Айрин посмотрела на маленький стол, где лежал мобильный телефон, и пошарила за спиной. Нащупала шнур от лампы и потянула: лампа упала рядом. Схватила и метнула в преступника. Промахнулась, но тот отпрянул, и она получила возможность добраться до телефона.
– Не пытайтесь усложнить обстановку больше, чем необходимо. – Бандит явно издевался.
«Чертовы смартфоны», – подумала Айрин, пытаясь разблокировать дисплей и набрать номер. Бандит выбил телефон из рук и ударил кулаком в лицо. Фотографии в рамках упали со стола; с пола с улыбкой смотрела Имоджен. Айрин хорошо помнила тот день: тогда дочка получила звание детектива. Айрин заставила ее позировать на ярком солнце, со стаканом джин-тоника в руке.
Комната расплывалась, голова кружилась. Ее никогда не били по лицу. Она знала, что опасность серьезная: Элиас приедет позже, а никто из соседей не отзовется. Оставалось только одно: сделать так, чтобы на месте преступления сохранился материал его ДНК. Ранить преступника; добиться, чтобы пролилась его кровь. Айрин вытащила из рамки стекло и вслепую замахнулась: зрение еще не вернулось. В этот момент бандит попытался схватить за руку, но не успел: стекло вонзилось в щеку.
– Сука! – закричал он, взбесившись от боли. Зрение Айрин немного прояснилось; она увидела, как на ковер капает кровь.

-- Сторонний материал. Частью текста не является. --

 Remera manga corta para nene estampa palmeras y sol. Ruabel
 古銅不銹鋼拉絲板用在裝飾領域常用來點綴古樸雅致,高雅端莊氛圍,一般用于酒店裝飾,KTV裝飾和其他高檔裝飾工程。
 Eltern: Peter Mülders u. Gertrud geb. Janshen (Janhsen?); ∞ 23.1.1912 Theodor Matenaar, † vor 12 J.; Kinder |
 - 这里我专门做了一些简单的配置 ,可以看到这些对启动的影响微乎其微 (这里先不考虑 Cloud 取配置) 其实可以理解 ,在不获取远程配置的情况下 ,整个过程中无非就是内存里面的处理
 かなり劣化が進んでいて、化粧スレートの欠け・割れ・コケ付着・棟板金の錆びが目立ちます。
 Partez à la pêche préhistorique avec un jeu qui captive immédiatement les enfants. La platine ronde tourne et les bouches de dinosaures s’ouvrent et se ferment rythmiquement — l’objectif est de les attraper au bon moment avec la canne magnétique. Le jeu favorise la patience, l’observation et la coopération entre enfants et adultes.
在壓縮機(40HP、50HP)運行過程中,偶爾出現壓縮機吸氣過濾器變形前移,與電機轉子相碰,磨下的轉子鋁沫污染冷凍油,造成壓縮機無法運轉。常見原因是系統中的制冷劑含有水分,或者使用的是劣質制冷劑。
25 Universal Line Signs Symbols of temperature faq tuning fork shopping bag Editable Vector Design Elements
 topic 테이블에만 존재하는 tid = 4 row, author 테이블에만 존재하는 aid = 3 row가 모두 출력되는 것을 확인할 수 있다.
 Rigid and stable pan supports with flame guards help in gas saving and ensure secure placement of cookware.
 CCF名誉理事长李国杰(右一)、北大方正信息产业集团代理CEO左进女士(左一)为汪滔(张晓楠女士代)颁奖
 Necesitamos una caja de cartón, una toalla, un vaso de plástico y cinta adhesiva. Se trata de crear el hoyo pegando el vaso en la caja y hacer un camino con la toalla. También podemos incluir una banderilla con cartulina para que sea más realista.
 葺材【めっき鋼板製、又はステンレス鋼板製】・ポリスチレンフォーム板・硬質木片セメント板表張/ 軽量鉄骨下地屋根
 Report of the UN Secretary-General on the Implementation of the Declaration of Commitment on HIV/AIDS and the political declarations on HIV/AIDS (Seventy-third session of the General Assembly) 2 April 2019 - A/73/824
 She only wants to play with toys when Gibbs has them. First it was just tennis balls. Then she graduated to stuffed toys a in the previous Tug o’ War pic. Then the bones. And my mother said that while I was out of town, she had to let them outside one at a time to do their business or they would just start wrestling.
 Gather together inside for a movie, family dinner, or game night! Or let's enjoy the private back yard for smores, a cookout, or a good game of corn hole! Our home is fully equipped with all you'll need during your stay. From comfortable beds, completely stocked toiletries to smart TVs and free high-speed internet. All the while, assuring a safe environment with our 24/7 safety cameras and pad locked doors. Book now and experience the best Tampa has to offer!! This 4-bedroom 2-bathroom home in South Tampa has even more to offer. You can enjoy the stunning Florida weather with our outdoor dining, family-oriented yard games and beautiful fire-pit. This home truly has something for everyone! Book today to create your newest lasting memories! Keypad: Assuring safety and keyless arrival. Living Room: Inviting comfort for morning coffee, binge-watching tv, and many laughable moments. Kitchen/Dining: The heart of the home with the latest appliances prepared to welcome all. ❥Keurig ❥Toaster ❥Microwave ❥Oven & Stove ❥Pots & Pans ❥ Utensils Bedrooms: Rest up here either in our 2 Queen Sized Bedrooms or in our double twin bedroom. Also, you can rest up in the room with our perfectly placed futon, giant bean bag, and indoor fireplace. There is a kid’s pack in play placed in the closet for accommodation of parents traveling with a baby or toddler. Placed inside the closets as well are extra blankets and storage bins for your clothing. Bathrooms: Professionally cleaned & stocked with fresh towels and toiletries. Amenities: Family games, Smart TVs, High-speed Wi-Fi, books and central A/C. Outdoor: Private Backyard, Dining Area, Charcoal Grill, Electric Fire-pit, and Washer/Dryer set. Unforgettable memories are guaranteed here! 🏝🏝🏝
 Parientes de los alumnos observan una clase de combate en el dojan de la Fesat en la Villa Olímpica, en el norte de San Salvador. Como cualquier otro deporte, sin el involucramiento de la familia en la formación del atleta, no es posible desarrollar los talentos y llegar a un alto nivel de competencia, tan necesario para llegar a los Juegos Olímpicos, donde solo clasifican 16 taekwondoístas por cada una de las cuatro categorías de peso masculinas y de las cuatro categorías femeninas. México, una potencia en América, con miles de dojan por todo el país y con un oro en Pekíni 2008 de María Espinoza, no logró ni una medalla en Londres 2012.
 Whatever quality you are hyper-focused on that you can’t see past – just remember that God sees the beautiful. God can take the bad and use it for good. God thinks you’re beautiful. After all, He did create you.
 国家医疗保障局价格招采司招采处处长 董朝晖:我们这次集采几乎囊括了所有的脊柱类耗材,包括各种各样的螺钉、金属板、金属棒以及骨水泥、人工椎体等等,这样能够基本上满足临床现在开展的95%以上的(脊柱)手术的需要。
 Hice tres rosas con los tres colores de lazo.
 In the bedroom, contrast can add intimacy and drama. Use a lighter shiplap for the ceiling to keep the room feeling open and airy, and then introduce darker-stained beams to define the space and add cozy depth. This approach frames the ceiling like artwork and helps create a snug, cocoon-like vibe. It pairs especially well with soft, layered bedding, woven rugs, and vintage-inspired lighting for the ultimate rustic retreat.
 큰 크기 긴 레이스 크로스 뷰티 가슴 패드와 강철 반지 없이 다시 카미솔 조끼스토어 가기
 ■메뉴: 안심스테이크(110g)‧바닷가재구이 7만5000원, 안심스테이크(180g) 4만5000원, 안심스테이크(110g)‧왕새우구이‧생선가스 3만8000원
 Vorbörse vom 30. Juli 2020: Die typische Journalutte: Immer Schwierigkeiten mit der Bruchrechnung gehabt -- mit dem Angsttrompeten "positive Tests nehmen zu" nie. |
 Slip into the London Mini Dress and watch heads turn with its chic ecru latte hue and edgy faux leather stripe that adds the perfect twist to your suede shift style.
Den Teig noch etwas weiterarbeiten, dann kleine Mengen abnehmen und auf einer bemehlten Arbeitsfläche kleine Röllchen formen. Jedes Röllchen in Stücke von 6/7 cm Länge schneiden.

– Моя дочь тебя найдет, кусок дерьма!
Не успела выкрикнуть эти слова, как он снова набросился и рассек ножом грудь. Адреналин не позволил ощутить боль; Айрин лишь в ужасе увидела, как плоть разверзлась, обнажив кость. Оставалась еще одна попытка, прежде чем мерзавец окончательно ее прикончит. Она схватила развалившуюся рамку и из последних сил ткнула в глаз острым углом. Убийца дико закричал и начал наносить беспорядочные удары ножом. Айрин чувствовала, как рвется и лопается кожа, видела красные следы на теле. А потом уже ничего не видела.
Только чувствовала, как вытекает ее кровь, и слышала, как тяжело дышит убийца. Должно быть, закрывает ладонью глаз. То, что он дышал, означало, что рамка не вошла достаточно глубоко. Жалко. В последние минуты жизни Айрин утешалась сознанием, что лишила подонка глаза на всю жизнь или на то недолгое время, которое ему осталось жить. Жаль только, что вся эта история очень расстроит Имоджен.